I don't think this code is actually necessary so I commented it out which seemed to fix the problem.

----------------------------------------------------------------------------------------------------------------------------------------------

Then I also got several errors in the last section and I couldn't quite figure out what the problems were but I changed the code from this:

#Move binary genes to Results dataframe
clusters2Genes = pd.DataFrame(columns = ['Gene', 'clusterName'])
clusters2Genes["clusterName"] = Binary_score_store_DF["clusterName"]
clusters2Genes["Gene"] = Binary_score_store_DF.index
GroupedBinarylist = clusters2Genes.groupby('clusterName').apply(lambda x: x['Gene'].unique()) 
BinaryFinal = pd.DataFrame(columns = ['clusterName','Binary_Genes'])
BinaryFinal['clusterName'] = GroupedBinarylist.index
BinaryFinal['Binary_Genes'] = GroupedBinarylist.values

to this:

 Binary_score_store_DF = pd.read_csv('NS-Forest_v3_Extended_Binary_Markers_Supplmental.csv')

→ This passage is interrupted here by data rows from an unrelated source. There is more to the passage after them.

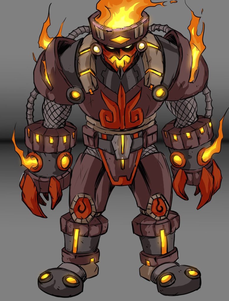 Tiene la apariencia de un golem de piedra roja en llamas con un bracero en al cabeza.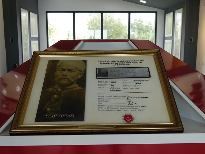 Bu çalışmalar esnasında Seyit Onbaşı'nın askerlik şubesine kaydındaki belgeye ulaştıklarını belirten Kaşdemir, "Seyit Onbaşı Türk ordusuna mensup olduğu anda, askere alındığı anda devletimiz onu nasıl kaydetmişse, bilgileriyle beraber, fotoğrafıyla beraber o arşiv kaydına ulaştık ve onu da şu anda köyündeki müzeye hediye olarak teslim ettik." dedi.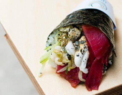Chris Jaeckle főszakács kultúraközi ételkompozíciója céklában pácolt füstölt lazacra épül, amelyet egy szusi göngyölegbe fognak majd betekerni némi krémsajt, uborka, ecetes mogyoróhagyma és más exkluzív bizarrságok társaságában, a Forward összefoglalója szerint tulajdonképpen egy rendhagyó bagel lesz erőteljes japán akcentussal. Hét nyelven fog beszélni, a jiddis és a héber bizonyosan köztük lesznek, de mind a héten erőteljes japán akcentussal.
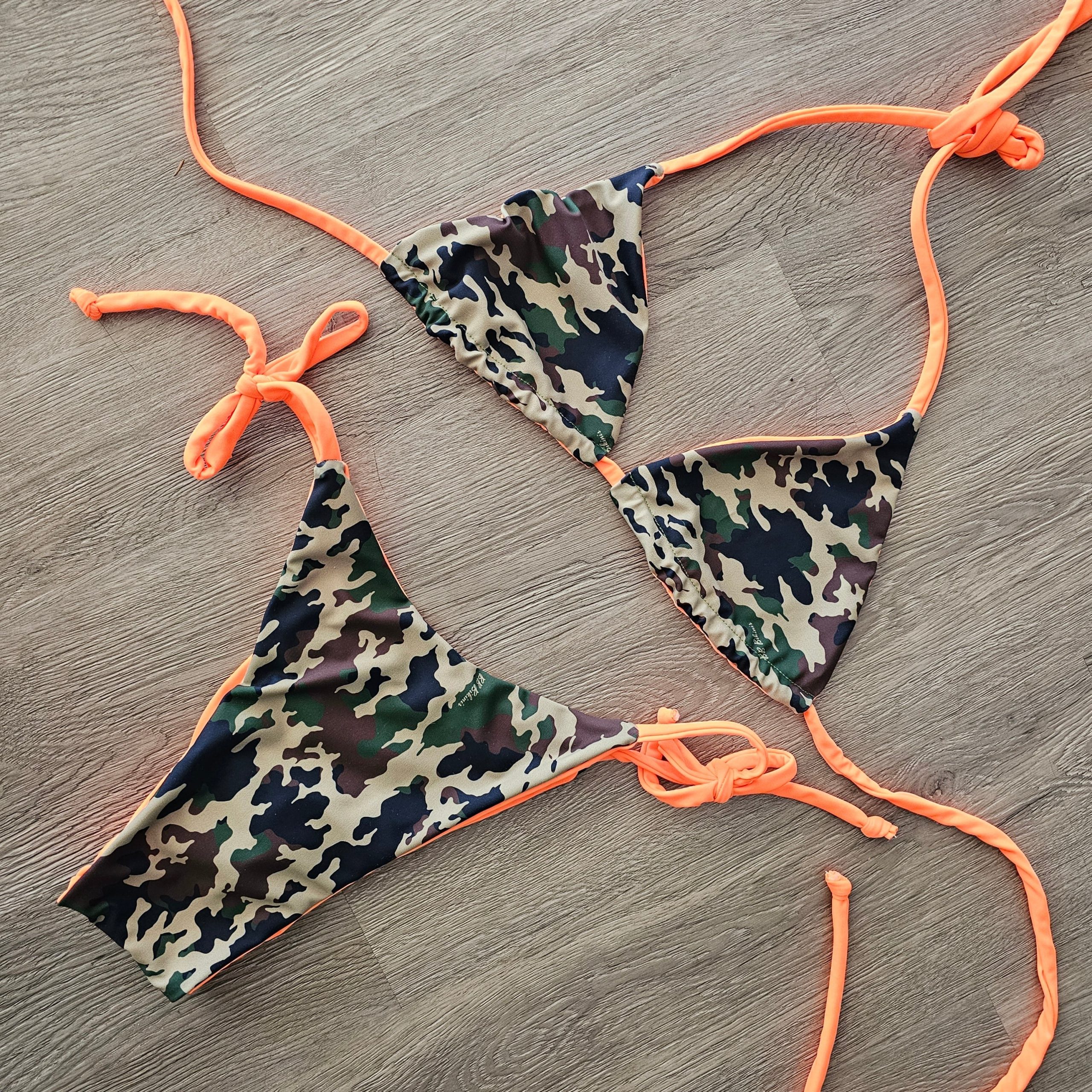 Our Camo Orange Bali Bottom keeps your style undercover! These cheeky bottoms with a scrunch butt for a unique look that’s sure to help you stand out in a silent crowd. And the adjustable tie sides let you rock the perfect fit – no mission too impossible!

# Move binary genes to Results dataframe
clusters2Genes = pd.DataFrame(columns=['Gene', 'clusterName'])
clusters2Genes["clusterName"] = Binary_score_store_DF["clusterName"]
clusters2Genes["Gene"] = Binary_score_store_DF["Unnamed: 0"]
clusters2Genes.to_csv('clusters2Genes.csv')
#GroupedBinarylist = clusters2Genes.groupby('clusterName').apply(lambda x: x['Gene'].unique())
#GroupedBinarylist = clusters2Genes.apply(lambda x: x['Gene'].unique()) #This seemed to work earlier

BinaryFinal = pd.DataFrame(columns=['clusterName', 'Binary_Genes'])
BinaryFinal['clusterName'] =  clusters2Genes["clusterName"]
BinaryFinal['Binary_Genes'] = clusters2Genes["Gene"]
BinaryFinal.to_csv('BinaryFinal.csv')

It seems that in this line of code:

clusters2Genes["clusterName"] = Binary_score_store_DF["clusterName"]

the column name in the Binary_score_store dataframe was incorrect

And in this line of code:

GroupedBinarylist = clusters2Genes.groupby('clusterName').apply(lambda x: x['Gene'].unique())

the clusters are already grouped together and all the gene names are already unique??

Couldn't get around the last problem so ended up just commenting out those lines of code and now I am not sure if my output files are what they should be. Any advice would be greatly appreciated!

adRn-s commented 2 years ago

Hi there, I was just trying to test NS-Forest 3.0 on a Seurat dataset I have. Sadly, I got at least 2 of the very same errors, and applied your fixes. They worked ok... so, thanks for posting! But afterwards I got another different error (key 'cells' not found). I'm not so patience as to fix it... Anyway, I just wanted to comment on this... for the record.

ChristinaSteyn commented 2 years ago

Thanks, really appreciate hearing that someone else had the same problems and it is not just me!

yunzhang813 commented 1 month ago

Thanks of the ticket. Code refactored in v4.0.